British Granny Sentenced To Death By Firing Squad For Drug Smuggling Is 'Shocked, Depressed & Crying'
Jan. 24 2013, Published 1:19 p.m. ET
Back in her Bali prison after receiving a sentence of death by firing squad on Tuesday, British grandmother Lindsay Sandiford is overwhelmed by the devastating news and refusing to even emerge from her cell to see closest relatives.
"She looked shocked and very depressed today. She also kept crying. She just locked herself in the cell and she doesn't want to talk and meet anyone," a female guard at the Kerobokan Jail on the tropical Indonesian island told the Melbourne Herald Sun.
As RadarOnline.com previously reported, the 56-year-old granny, from Gloucestershire, England, was arrested at the airport last May after 10.6 pounds of cocaine was found in the lining of her suitcase during a routine customs check — however she maintains that she was forced to take the drugs into the country by a gang that was threatening to hurt her children.
When Sandiford's sister, Hilary Parsons, came to visit her on Wednesday she was too upset to even leave the cell she shares with 12 other women and her sibling was eventually escorted from the visiting area to see her.
Her dour mood was a sharp contrast to her positive attitude the week before sentencing, during which guards said that Sandiford had adapted well to prison life and spent time doing embroidery in the cell block.

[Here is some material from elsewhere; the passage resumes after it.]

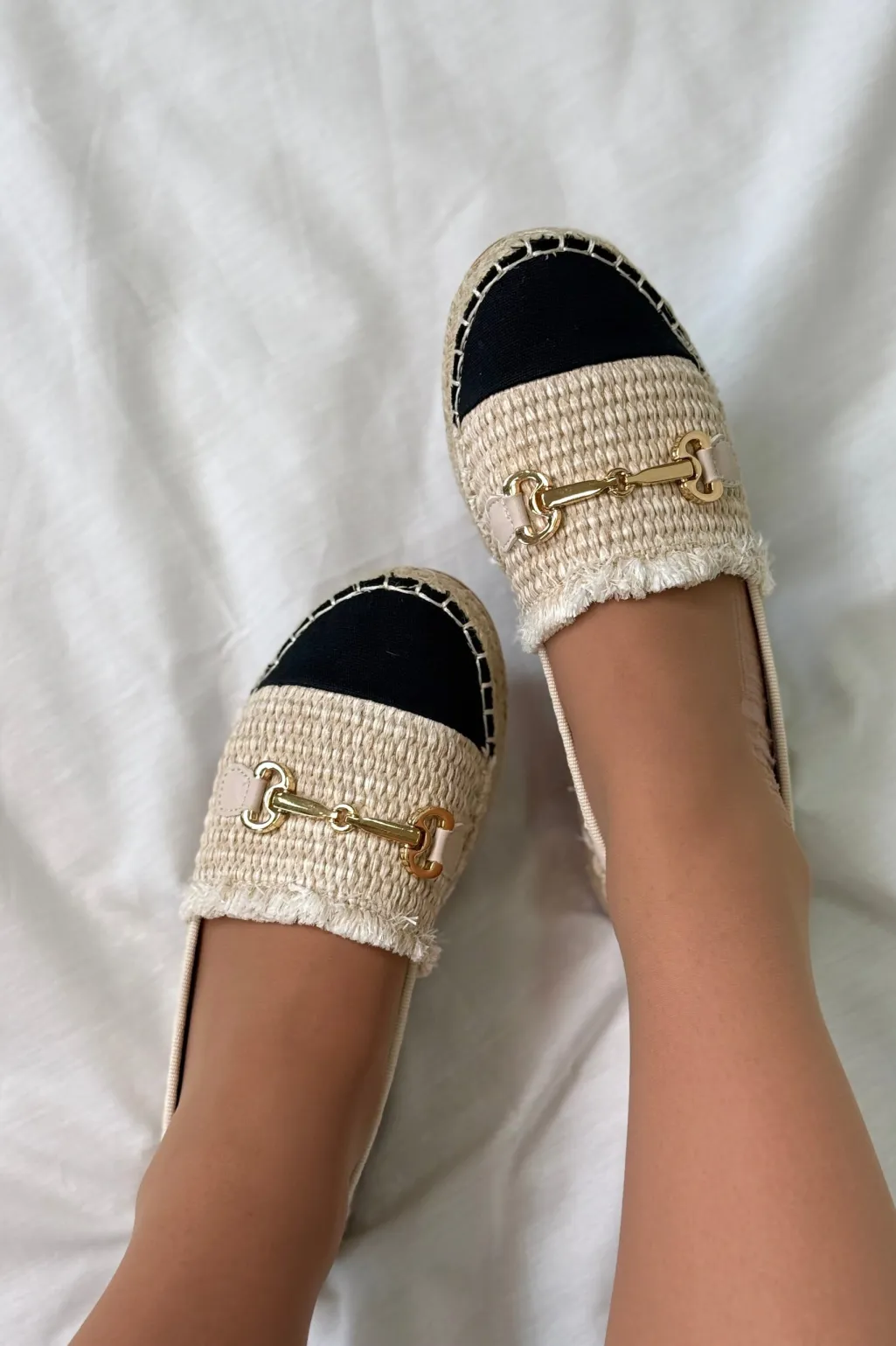Beige sandal fra Bloom med vævet design og sort tåkappe. Den dekorative metaldetalje på forsiden kombinerer det rustikke og det fine i ét design.

The notorious Balinese prison is highly overcrowded, with 988 male and female prisoners in a jail originally built to house one-third that number, according to the Herald Sun.
Dubbed the 'Queen of Cocaine,' because of the large amount of drugs she allegedly carried, Sandiford is now one of four foreigners on death row in Kerobokan, where she will no doubt spend years appealing her capital sentence.